** TASK ITEM **
Below are the entries. Print only the lines starting at the one with "韓國以及全球新能源汽車的發(fā)展帶動" and ending at the one with "みんなが楽しみにしている「む", exactly, with no pictures.

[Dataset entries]
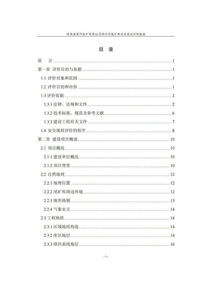項(xiàng)目名稱 | 陜西龐家河金礦有限公司洞子溝尾礦庫 安全現(xiàn)狀評(píng)價(jià)報(bào)告 | ||||||
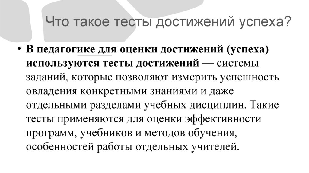 Что такое тесты достижений успеха?• В педагогике для оценки достижений (успеха)
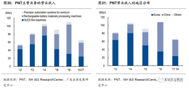 韓國以及全球新能源汽車的發(fā)展帶動(dòng)了韓國三星SDI、LG化學(xué)等動(dòng)力電池企業(yè)的繁榮,作為三星SDI、LG化學(xué)等優(yōu)質(zhì)動(dòng)力電池企業(yè)鋰電設(shè)備的供貨商,PNT鋰電設(shè)備業(yè)務(wù)營業(yè)收入快速增長。從PNT營業(yè)收入的地區(qū)分布來看,中國市場對業(yè)績的貢獻(xiàn)逐年增大,并在2016年首次超過韓國本土。受益新能源汽車中國市場的發(fā)展,2017年上半年,PNT中國市場的營收占比進(jìn)一步擴(kuò)大,達(dá)到了61.9%,
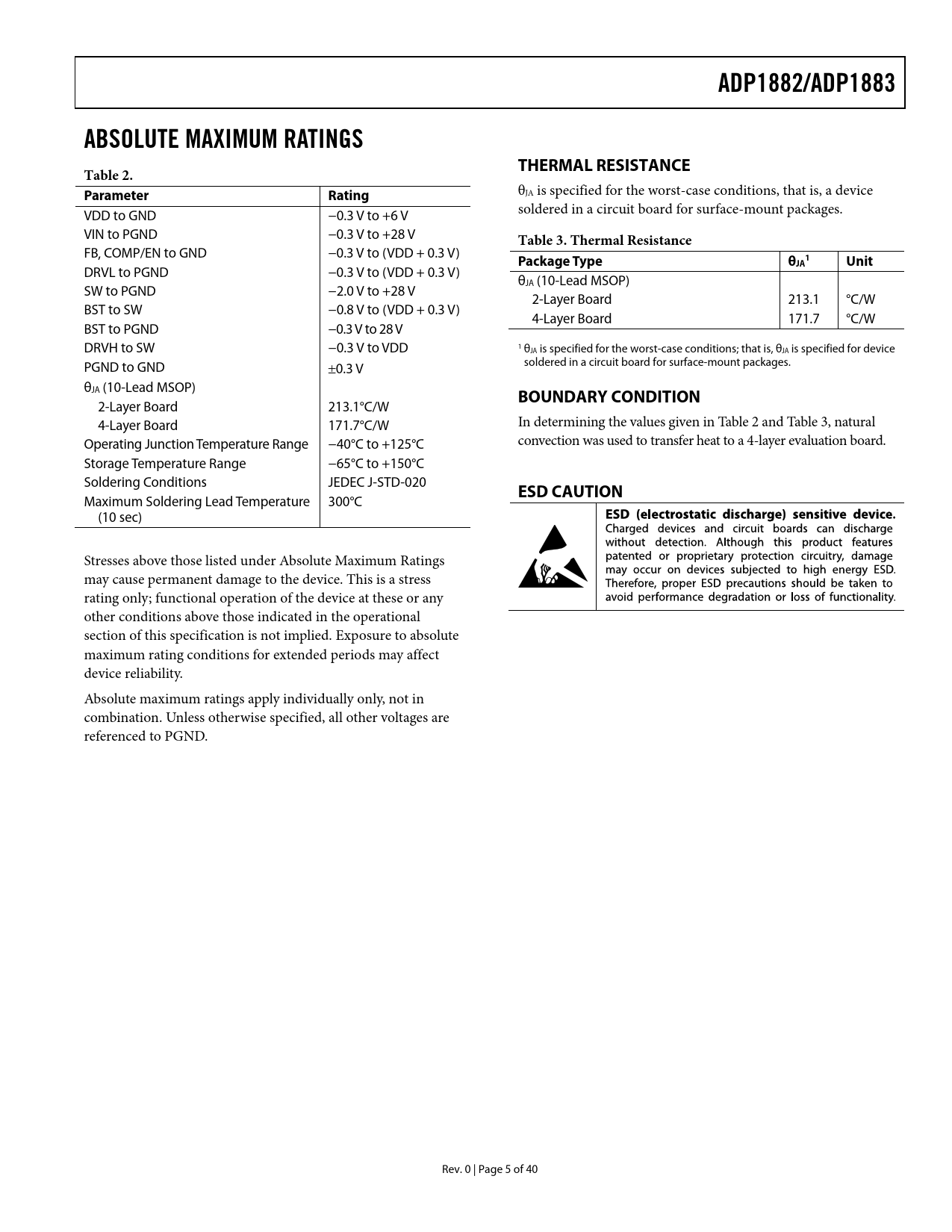 ADP1882/ADP1883 ABSOLUTE MAXIMUM RATINGS THERMAL RESISTANCE Table 2. Parameter Rating
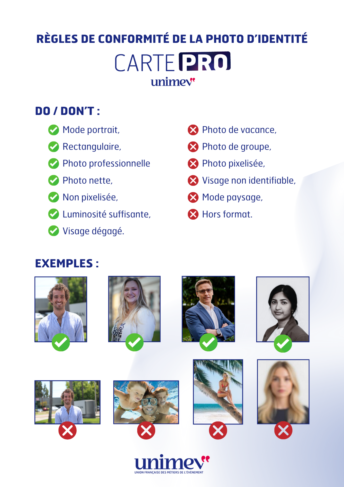 Pour que votre carte pro soit validée vous aurez besoin de transmettre une photo, merci de respecter les règles de conformité
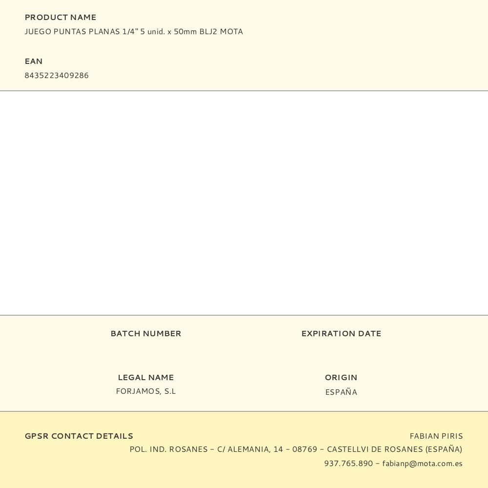 JUEGO PUNTAS PLANAS 1/4" 5 unid. x 50mm BLJ2 MOTA
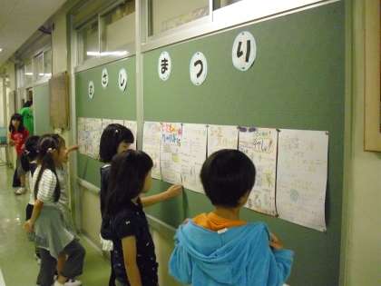 みんなが楽しみにしている「むさしまつり」がいよいよあと2日後に迫りました。今朝の児童集会は「むさしまつり宣伝集会」。各クラスとも短い時間で工夫を凝らし、お店の紹介をしてくれました。土曜日に向けて各クラスとも盛り上がっています。
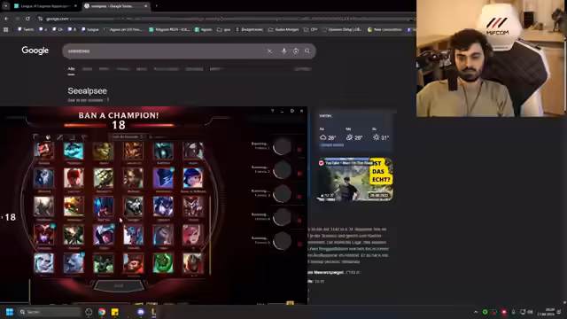 01:43:51Der Streamer befindet sich in Challenger-Rang mit etwa 1300-1400 LP und stellt fest, dass er keine niedriger eingestuften Accounts hat, um entspannter zu spielen. Er fühlt sich unter Druck und gezwungen, Champions zu spielen, die er noch nicht gut beherrscht, was zu vielen Toden führt. Er entschuldigt sich bei seinen Zuschauern und betont, dass er nicht absichtlich schlecht spielt, sondern neue Champions ausprobiert.

** EXERCISE RESULT **
 韓國以及全球新能源汽車的發(fā)展帶動(dòng)了韓國三星SDI、LG化學(xué)等動(dòng)力電池企業(yè)的繁榮,作為三星SDI、LG化學(xué)等優(yōu)質(zhì)動(dòng)力電池企業(yè)鋰電設(shè)備的供貨商,PNT鋰電設(shè)備業(yè)務(wù)營業(yè)收入快速增長。從PNT營業(yè)收入的地區(qū)分布來看,中國市場對業(yè)績的貢獻(xiàn)逐年增大,并在2016年首次超過韓國本土。受益新能源汽車中國市場的發(fā)展,2017年上半年,PNT中國市場的營收占比進(jìn)一步擴(kuò)大,達(dá)到了61.9%,
 ADP1882/ADP1883 ABSOLUTE MAXIMUM RATINGS THERMAL RESISTANCE Table 2. Parameter Rating
 Pour que votre carte pro soit validée vous aurez besoin de transmettre une photo, merci de respecter les règles de conformité
 JUEGO PUNTAS PLANAS 1/4" 5 unid. x 50mm BLJ2 MOTA
 みんなが楽しみにしている「むさしまつり」がいよいよあと2日後に迫りました。今朝の児童集会は「むさしまつり宣伝集会」。各クラスとも短い時間で工夫を凝らし、お店の紹介をしてくれました。土曜日に向けて各クラスとも盛り上がっています。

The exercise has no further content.